I suppose one could tour,
with help, the gas giants,
view crystal megaliths by sulfur seas,
but I won't, for the moment; death remains
not that far out of the way.
One is, after all, a tourist.
It takes effort to become a wanderer.
I'm getting there.
- Avoid the bars, the mountaintop cafes
with a view of multiple sunsets,
where humans go. Where fashion
is to praise nothing seen
but traffic jams or childhoods
in Pyongyang, Delhi, Cleveland,
till a word takes one home.
But a wanderer sees and wants to see
nothing of his own.
Time is energy, the Gates attest,
and time is my time.
Last week I walked on vaguely orange grass
to a blue town
whose people waved their spindly arms
(?) in the air continually.
The gesture held no malice; I live.
They had no eyes, which I found somehow restful.
They fed me - at least there was food -
and buzzed; in motion, favored the ellipse.
But the planet was overcast
and I had little to give,
so moved another thousand light-years -
their Now, and mine -
to where there were stars.
(I think I love the different patterns most
or lack of pattern.)
We sat, some eggplant sage and I,
in a clearing, with a kind of notebook.
One grows adept at drawing the view from Earth.

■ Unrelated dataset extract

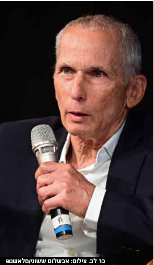
בר לב.

שעות פתיחה מיוחדות בימי החנוכה כל הסניפים מושעה: 11:00-16:00, יום שישי: 10:00-12:00 ב"ב בן יעקב 21 | ירושלים ירמיהו 24 - מתחם תנובה | בין השעות: 12:00-21:30 רצוף. בית שמש פינת נהר הירדן 30 | ביתר עילית פחד יצחק 5 | לפנה"צ 12:30-14:30, אחה"צ 17:30-21:30 אשדוד עקביא בן מהללאל 2 | לפנה"צ 11:00-13:00, אחה"צ 17:30-21:30. יום ו' כל הסניפים 10:30-12:30 טל ארצי: 1599-599-123 בתוקף עד סוף שנת המס | רשת ברודווי רשאית להפסיק את הטובעז בכל עת | ט.ל.ח. | לא כולל מומס חלק

When I finished my dots, we listened
to the noises of his night.
He shrugged or nodded
some truism about the larger sky.
It's shameful to admit, but aliens
have become less important;
however at home they are, they too seem tourists.
Our fire, that other constant, waned.
Our two strange faces read its glowing embers.
I have outrun the turmoil of my youth,
I said. Have abandoned meaning
(he: That's for sure)
and care and company, save that of death.
Then the being, in whatever
medium, chided:
Vertical questions find only lateral answers.